Regarding surgery, early full ROM and excellent wound healing are predictors of good outcomes. For CIPN, an earlier resolution of symptoms can be predictive of a better overall recovery of sensation and pain, because severe symptoms may persist for longer.¹³ Early predictors of favorable neurologic recovery include lower cumulative exposure, early recognition and prompt dose adjustment, and mild initial symptom severity.¹¹ Patients who experience transient or sensory-only neuropathy rather than motor or autonomic involvement typically show faster improvement, particularly when rehabilitation and exercise programs are implemented early.¹⁴ Early functional engagement such as gait training, balance work, and desensitization has also been associated with improved recovery and reduced chronic disability in CIPN.³⁶ Predictors of better cardiac outcomes include lower cumulative anthracycline doses (<400–450 mg/m²), absence of baseline cardiovascular disease, younger age, and normal left ventricular ejection fraction (LVEF) at treatment completion.¹⁶ Patients with early identification of subclinical pulmonary changes (decline in DLCO or new exertional dyspnea) and prompt cessation of bleomycin before radiographic fibrosis develop have a higher likelihood of full recovery.¹⁸ Better musculoskeletal outcomes are predicted by early exercise initiation, preserved baseline bone mineral density, normal vitamin D status, and absence of prior fractures or immobility.¹⁹ Favorable predictors for cognitive recovery after methotrexate or cytarabine exposure include younger age, lower cumulative doses, normal renal clearance, and early recognition of neurotoxicity with rapid dose modification.²⁰ For radiation effects, early full ROM and minimal skin burning may have a better outcome.

Professional issues

Assuring early access to rehabilitation interventions will ultimately improve the patients’ quality of life.
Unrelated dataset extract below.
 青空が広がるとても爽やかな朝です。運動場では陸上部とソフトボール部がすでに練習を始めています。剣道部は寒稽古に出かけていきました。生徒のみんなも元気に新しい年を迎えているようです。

Ongoing surveillance of rehabilitation needs, excellent relationships with surgical and medical oncologists, and effective communication skills are important for physiatrists in this field.
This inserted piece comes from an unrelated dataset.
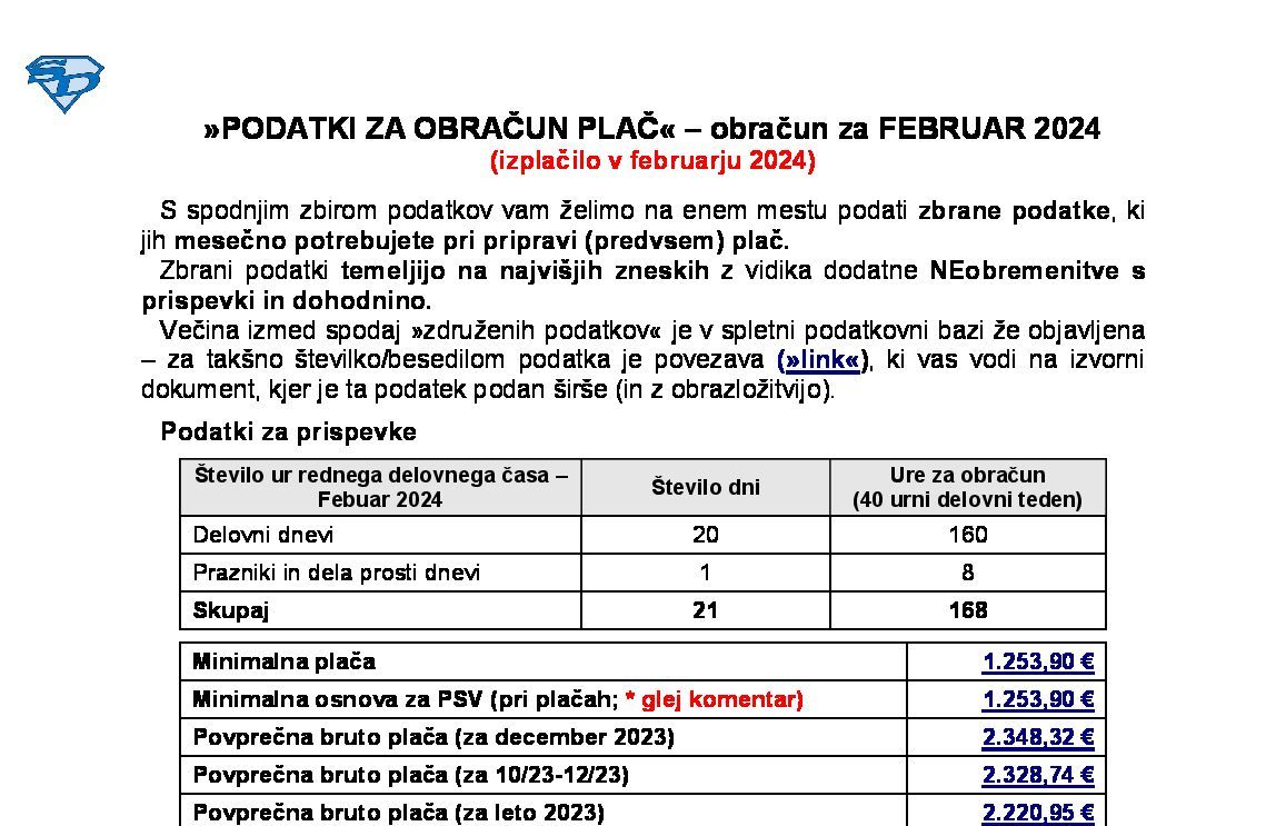 Skladno z dvigom minimalne plače (MP), MP za delo od januarja 2024 dalje za polni delovni čas ne more biti nižja od 1.253,90 €, kar je tudi (najnižji) znesek osnove za obračun prispevkov.

Rehabilitation Management and Treatments

Available or current treatment guidelines

A core panel of cancer rehabilitation experts supported by the American Cancer Society (ACS) published clinical practice guidelines for breast cancer rehabilitation, including pain management, fatigue, individualized exercise program recommendations, bone health, weight management, and CIPN.⁴² While specific to breast cancer, these guidelines can be used as framework for many cancer-related issues that span tumor type. The National Comprehensive Cancer Network has guidelines for clinical practice based on tumor type and common symptoms, such as pain and cancer-related fatigue.⁴³ The American Society of Clinical Oncology (ASCO) expert panels identify and develop practice recommendations for specific areas of cancer care. Foreign institutions and experts may also provide cancer or treatment specific practice guidelines for global points of reference, although caution should be exercised as certain interventions or treatments may not be available due to region specific barriers or governmental restrictions. The Society for Immunotherapy of Cancer (SITC) remains a good resource for practice guidelines regarding immunotherapy treatments for adverse events.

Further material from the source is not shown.